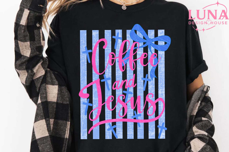 Coffee Lover Gift Spiritual Png Bible Verse Png Coffee And Jesus Png Retro Religious Png Trendy Jesus Png Coquette Bow Png Christian Coquette Blue Stripe Faith Distressed Jesus Png
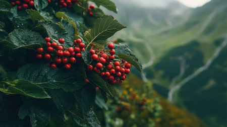 Close-up view of vibrant red berries nestled among lush green leaves, set against a serene mountain backdrop, showcasing nature's beauty and freshness.
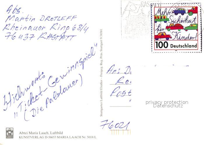 72929636 alte Postkarte Maria Laach Glees Fliegeraufnahme Abtei postalisch gelaufen Erhaltung siehe scans [KathaD81] KatCode: 11110007131205
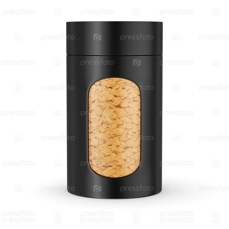 Пищевая банка с сухими кукурузными хлопьями, изолированными на белом
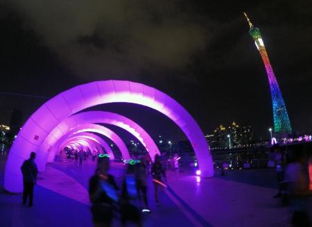 当晚,全面升级的热波电跑十大荧光装置闪耀跑道,酷炫的电音舞台持续激情,人气明星与6000夜跑潮人嗨爆全场,与海心沙隔江相望的小蛮腰也穿上了绚丽的外衣……持续不断的亮点,让5月的羊城更加动感鲜活。

Assignment ::
The copy must begin at the line containing "72929636 alte Postkarte" and end at the last line of the data above, with every line retyped exactly and no pictures included.

Answer space ::
 72929636 alte Postkarte Maria Laach Glees Fliegeraufnahme Abtei postalisch gelaufen Erhaltung siehe scans [KathaD81] KatCode: 11110007131205
 Пищевая банка с сухими кукурузными хлопьями, изолированными на белом
 当晚,全面升级的热波电跑十大荧光装置闪耀跑道,酷炫的电音舞台持续激情,人气明星与6000夜跑潮人嗨爆全场,与海心沙隔江相望的小蛮腰也穿上了绚丽的外衣……持续不断的亮点,让5月的羊城更加动感鲜活。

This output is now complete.